(Stored records)
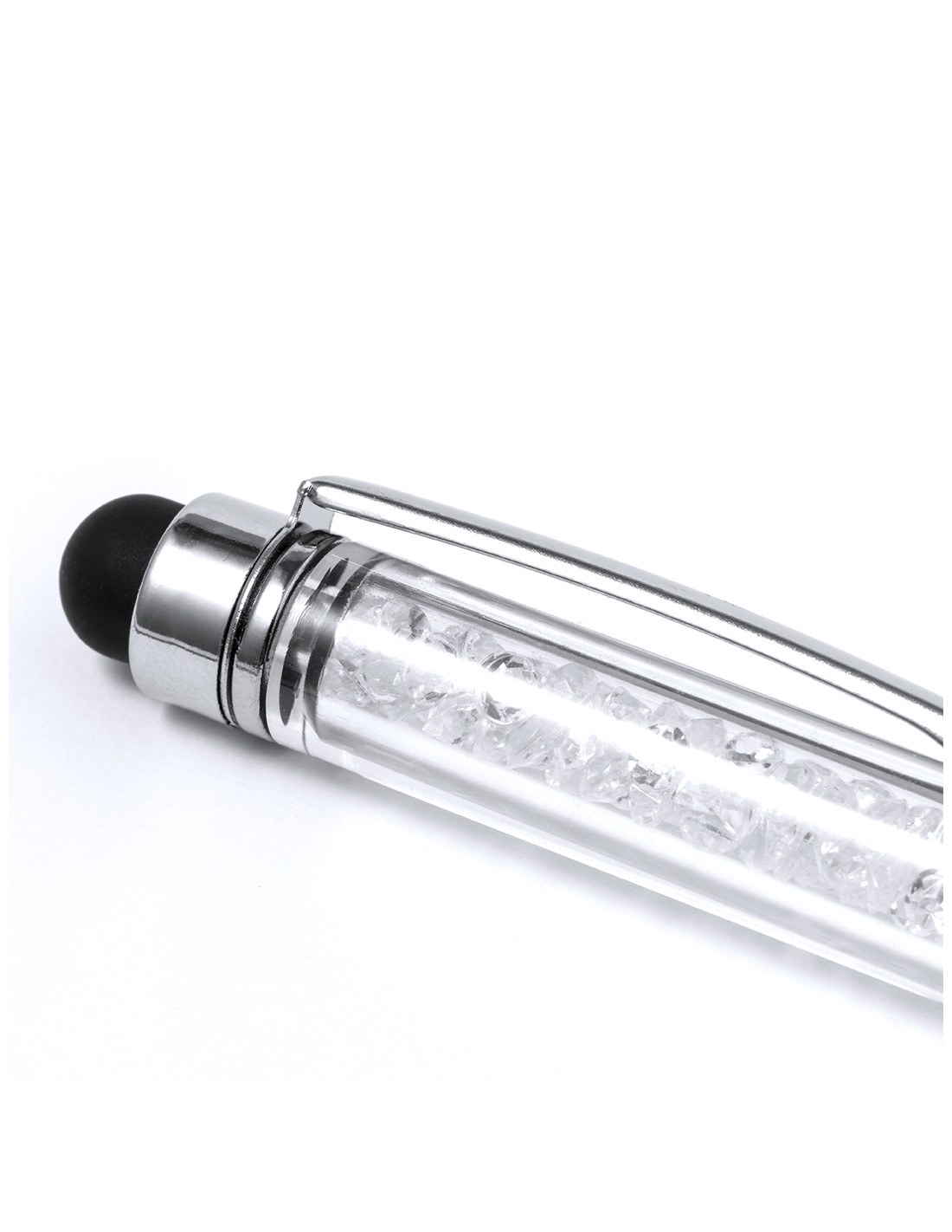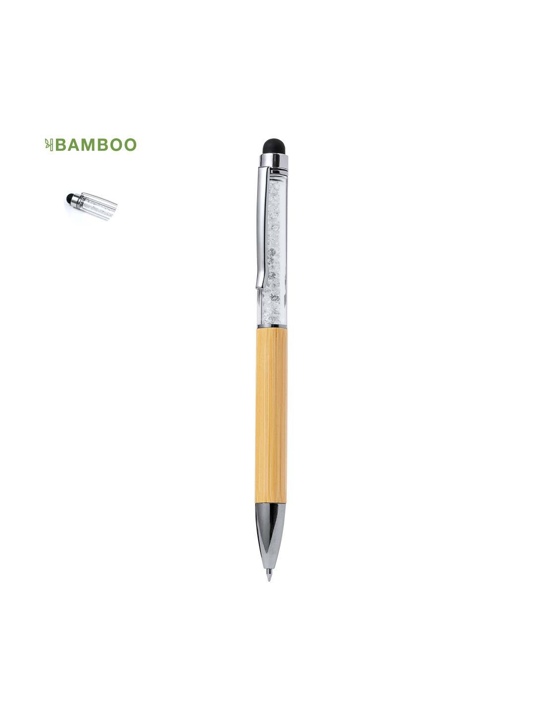 Elegante bolígrafo puntero de bambú. Estructura elaborada en bambú con una cápsula transparente que alberga cristales con forma de diamantes. Este elegante bolígrafo cuenta también con un puntero en la parte superior, clip y elementos decorativos metálicos. Con mecanismo giratorio y en tinta azul. Materiales como el bambú fomentan la utilización de materias primas naturales, reduciendo las emisiones contaminantes. Proviene de una planta de gran resistencia y versatilidad, con crecimiento y regeneración rápidos, siendo una excelente alternativa al uso de madera tradicional.
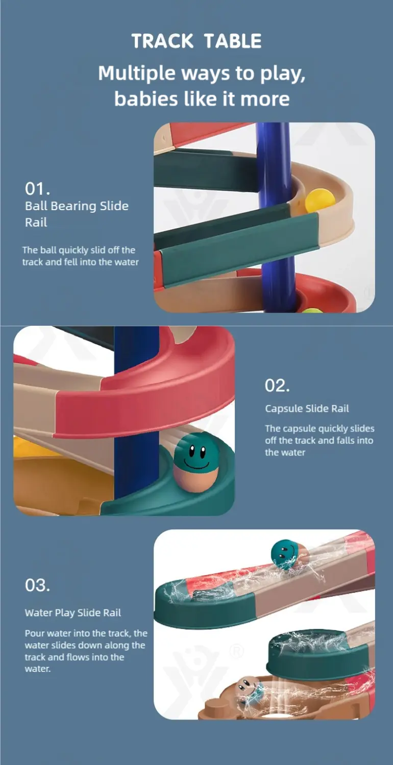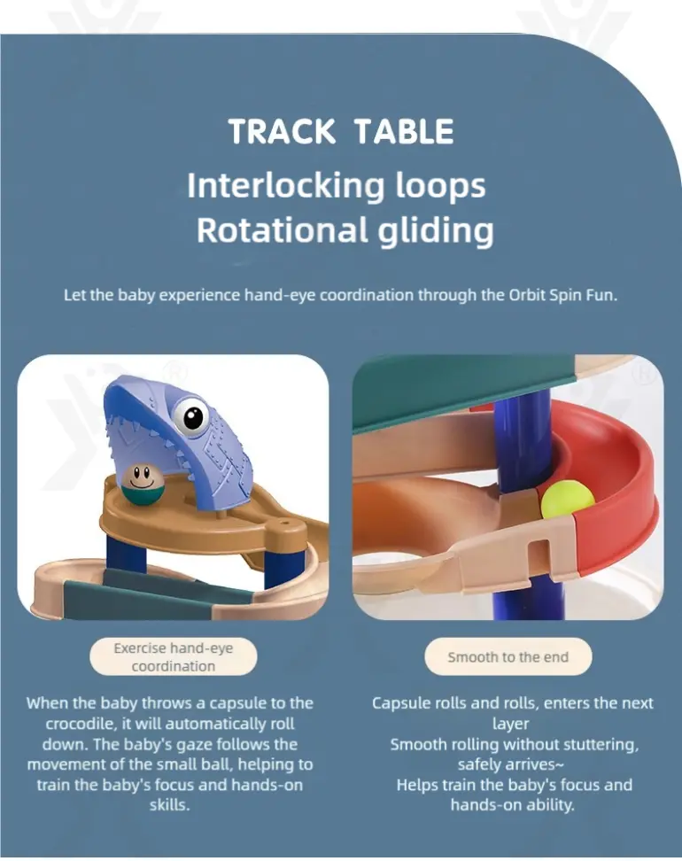 - Hand-Eye Coordination & Focus Training: Ball rolling tracks are beneficial for visual tracking and concentration as babies follow the movement.
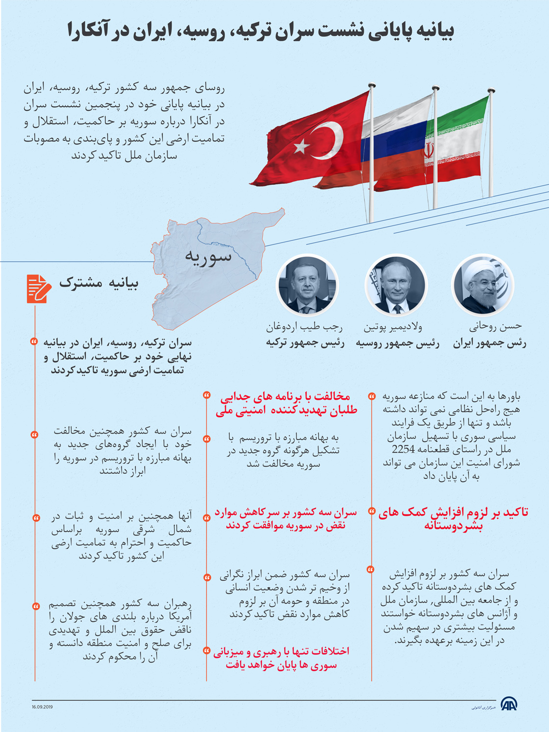 بیانیه پایانی نشست سران ترکیه، روسیه، ایران در آنکارا
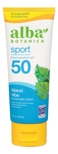 Loção protetora solar Alba Botanica, esportiva, SPF 50, sem perfume, 3 onças (a embalagem pode variar) – Um tubo de 3 onças de protetor solar SPF 50 sem perfume Alba Botanica Sport – Oferece proteção de amplo espectro, resistente à água por até 80 minutos – Feito com uma mistura leve de ingredientes botânicos à base de plantas – Fórmula 100% vegetariana feita sem ingredientes agressivos, como oxibenzona, octinoxato ou fragrâncias sintéticas – Sempre livre de crueldade, nunca testado em animais; reconhecido pelo Programa Leaping Bunny
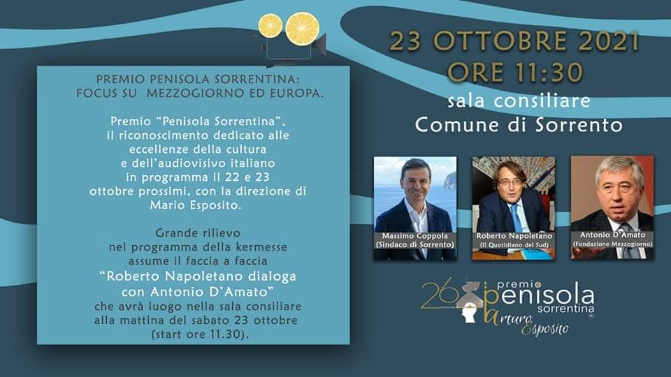 Il 23 ottobre ore 11, nella sala consiliare del Palazzo Municipale del Comune di Sorrento il faccia a faccia “Roberto Napoletano dialoga con Antonio D’Amato”, dedicato ai temi del mezzogiorno e dell’Europa.
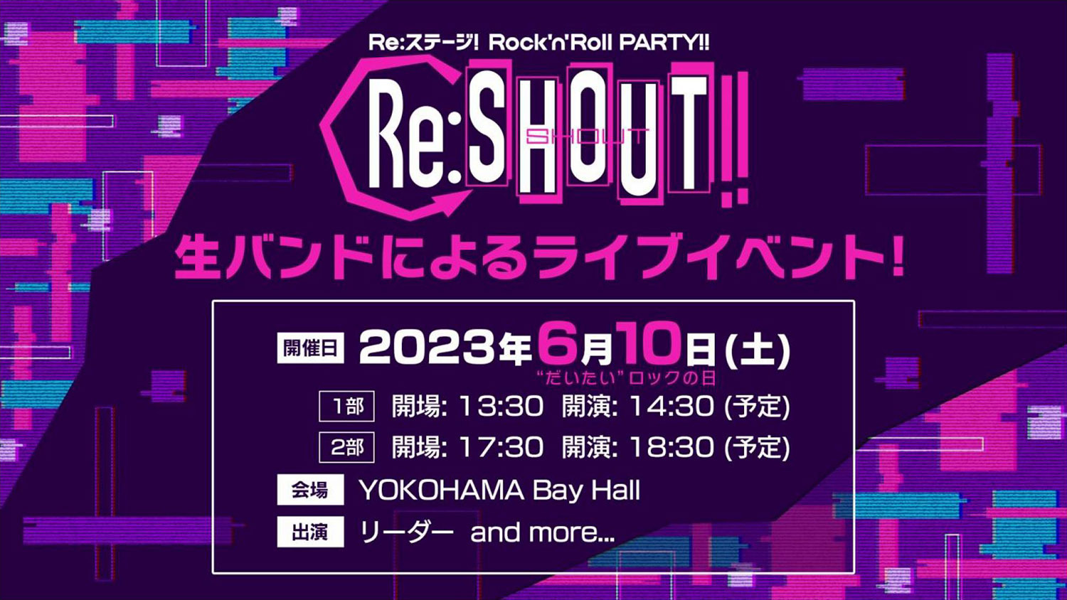女子中学生アイドルを描き、小説、ゲーム、アニメなどをまたいだメディアミックス作品として人気を集める『Re:ステージ!』の次なるライブイベントとして、2023年6月10日(土)にYOKOHAMA Bay Hallで『Re:ステージ! Rock’n’Roll PARTY!! ~Re:SHOUT!!~』の開催が発表された。
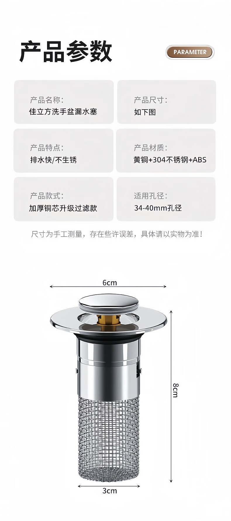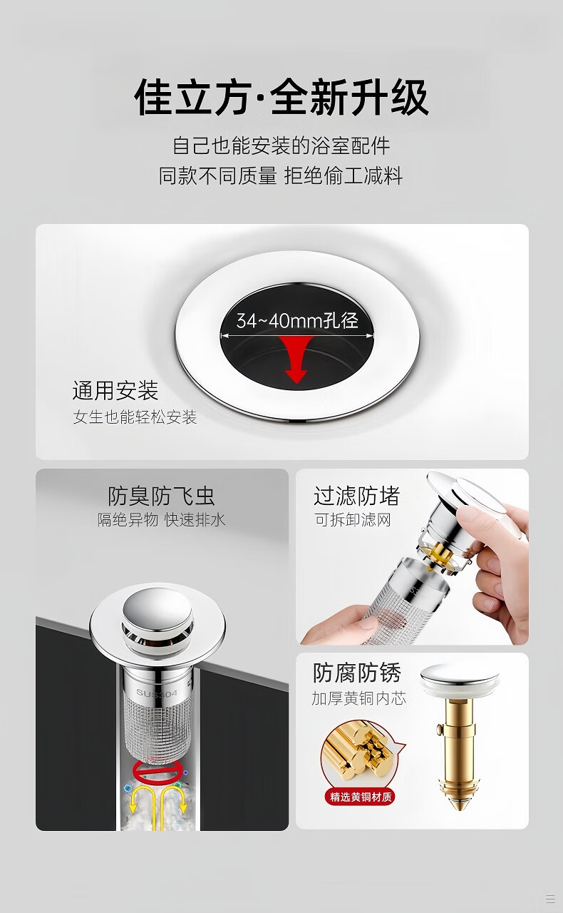 • 商品名称:佳立方洗手盆漏水塞洗手池弹跳下水器面盆水池防臭塞按压式升级铜芯款 升级防臭弹跳芯/个
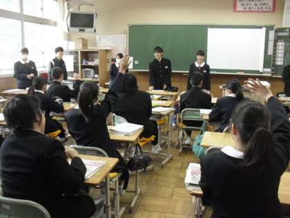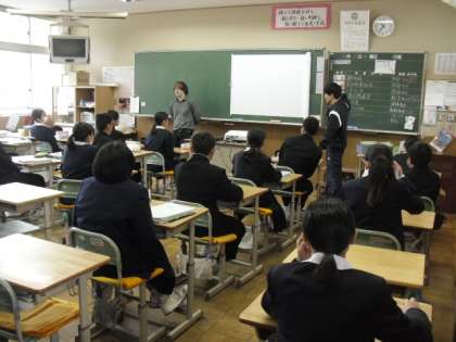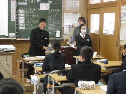 1B英語:ALTのクリス先生が中心となって授業を行いました。導入は、ジェスチャーゲームです。最初のお題は「すし」。寿司を握っている様子、食べている様子などそれぞれのジェスチャーから、答えていきました。とても盛り上がっていました。
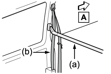 セパレーターバー(Bタイプ)を取り付けるときは、次のようにセパレーターバー(a)をシートベルト(b)のあいだにセットしてください。
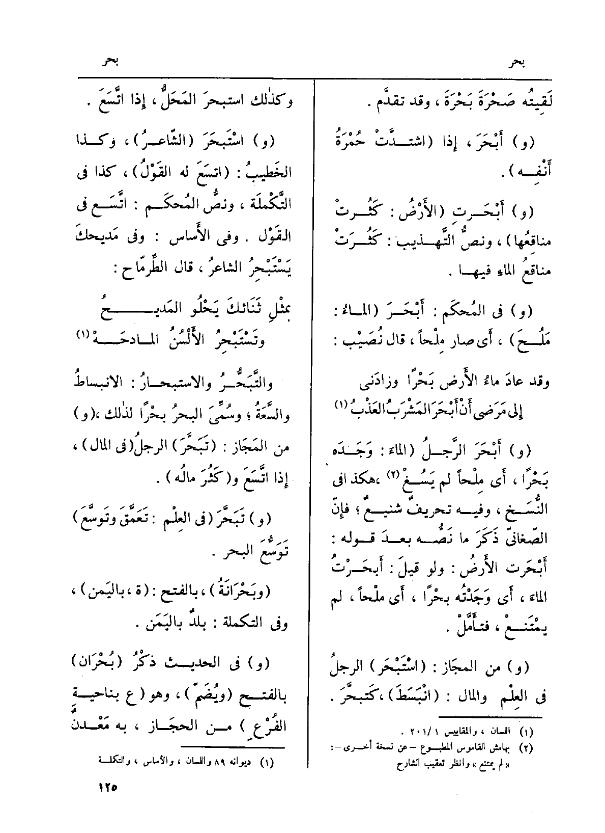 (و) من المجَاز: (اسْتَبْحَر) الرجلُ فِي العِلْم وَالْمَال: (انْبَسَطَ) ، كَتبحَّر وكذالك استبحرَ المَحَلّ، إِذا اتَّسَعَ.
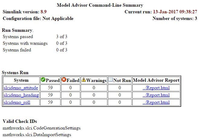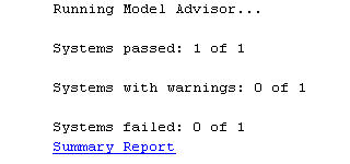 Этот HTML-отчет также связан с результатами командного окна. Он сохраняется как файл summaryReport.html во вложенной папке /slprj/modeladvisor в текущей рабочей папке.
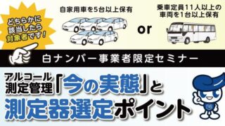 アルコール測定管理:白ナンバー事業者のためのアルコール測定管理ウェビナー無料開催 1月14日(水) ニュースの要約 東海電子株式会社が、白ナンバー事業者を対象とした「アルコール測定管理」についてのウェビナーを無料開催 制度上の要点や現場の実態、測定器の選定ポイントなどについて解説 2026年1月14日(水)13時30分から1時間のオ... ニュース: 2025.12.23 ニュース
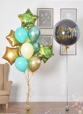 - Букет на грузике каждый из 2 зеленого, 2 золотого хрома, 3 айвори, 3 бирюзового декоратора (высота 34 см, диаметр около 26 см), 2 звезды золото сатин (45 см), 2 звезды "Камуфляж" на выбор
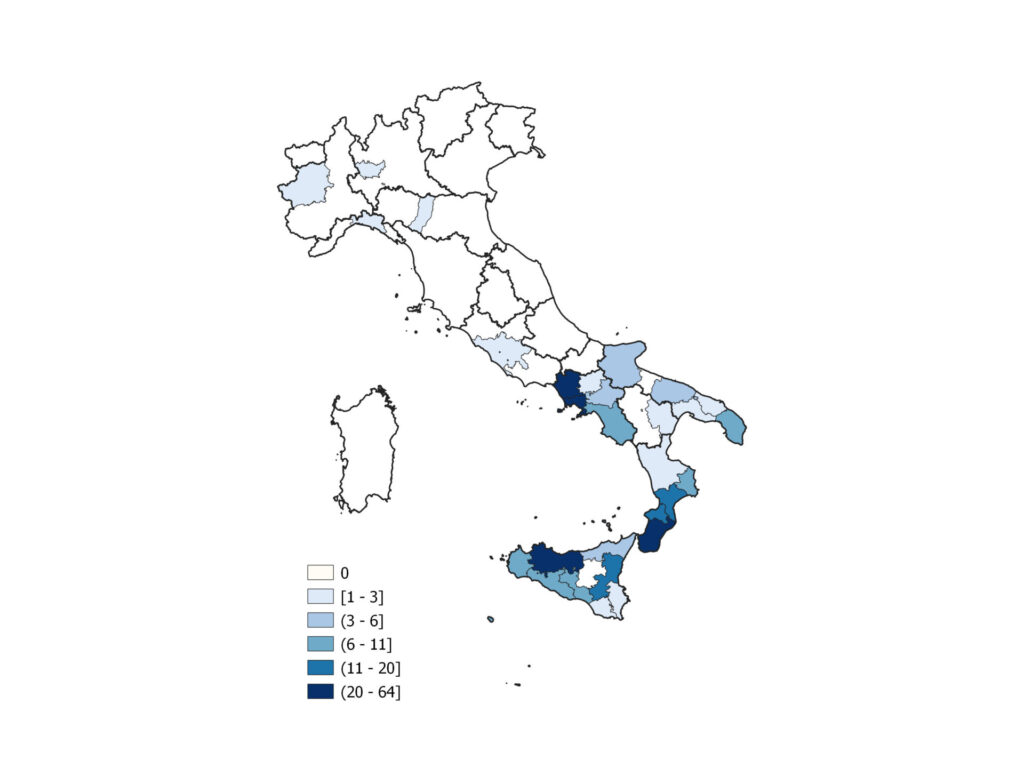 A questo proposito, non è un fatto nuovo che questi fenomeni si manifestino prevalentemente nel Sud dell’Italia. Questa distribuzione è visibile nella figura seguente, che mostra il numero per provincia dal 1991 al 2019 di comuni sciolti per infiltrazione mafiosa. Tuttavia, un recente studio documenta la presenza di imprese sotto l’influenza del crimine organizzato anche in aree senza una tradizione di crimine organizzato, come il Nord-Ovest 3.
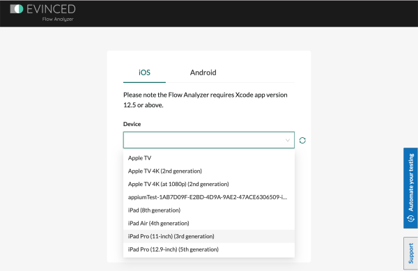 Let's look at easy it is to connect to an iOS device from the Evinced Mobile Flow Analyzer desktop client.
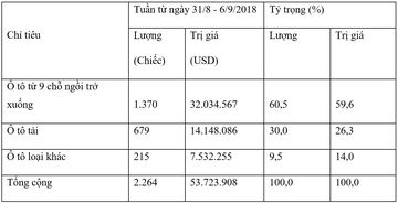 Theo số liệu thống kê sơ bộ của Tổng cục Hải quan, trong tuần qua từ ngày 31/8/2018 đến ngày 6/9/2018 lượng ô tô nguyên chiếc các loại đăng ký tờ khai hải quan nhập khẩu giảm 27% so với lượng nhâp khẩu trong tuần trước.
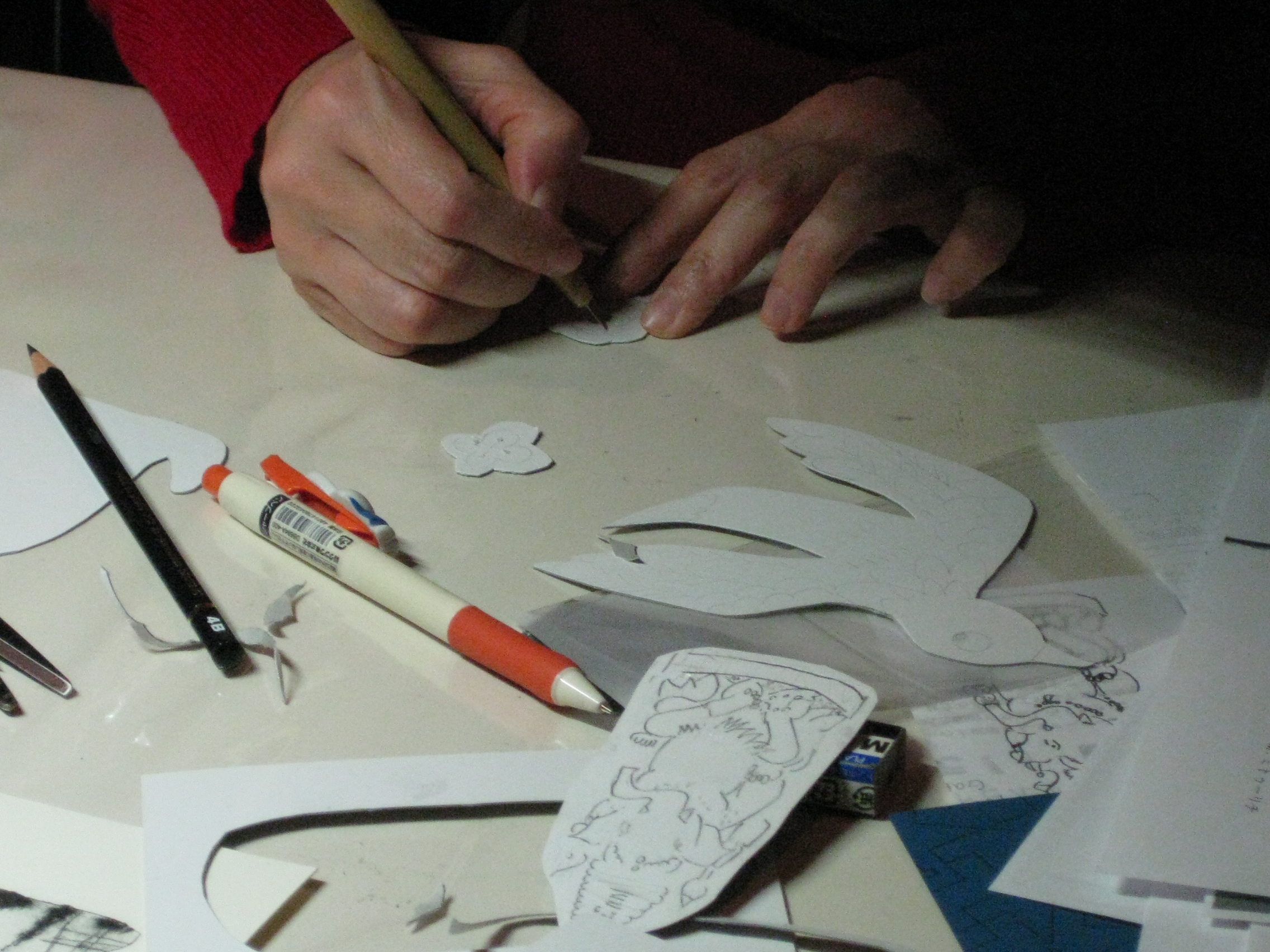 「はさみで好きな形に切ることができるのが、紙はんがの魅力のひとつ。自由に輪郭を切り取ってみてください」 |
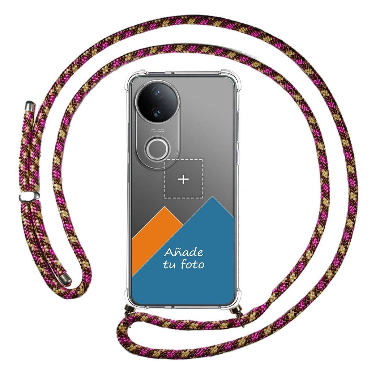 Personaliza tu Funda Colgante Transparente para Vivo V50 5G con Cordon Rosa / Dorado Dibujo Personalizada
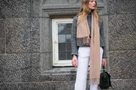 A beige scarf in combination with black clothes looks beautiful and stylish. It can be safely worn with gray wardrobe elements. The beige scarf against the background of dark shades looks expressive and charming.
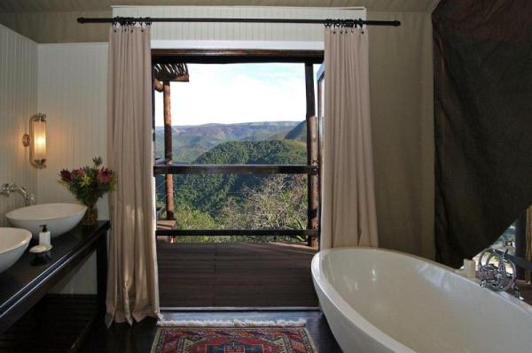 Camp Figtree`s infinity pool is magnificently positioned on the edge of a cliff where the land drops away to the valley below, offering breathtaking views onto mountain slopes.
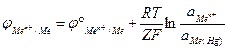 Уравнение Нернста для данного электрода:

▶ _Your instructions_
What you return must match the lines above from the one with "Personaliza tu Funda" through the one with "A beige scarf" exactly, with both ends included and the pictures excluded.

▶ _Answer box_
 Personaliza tu Funda Colgante Transparente para Vivo V50 5G con Cordon Rosa / Dorado Dibujo Personalizada
 A beige scarf in combination with black clothes looks beautiful and stylish. It can be safely worn with gray wardrobe elements. The beige scarf against the background of dark shades looks expressive and charming.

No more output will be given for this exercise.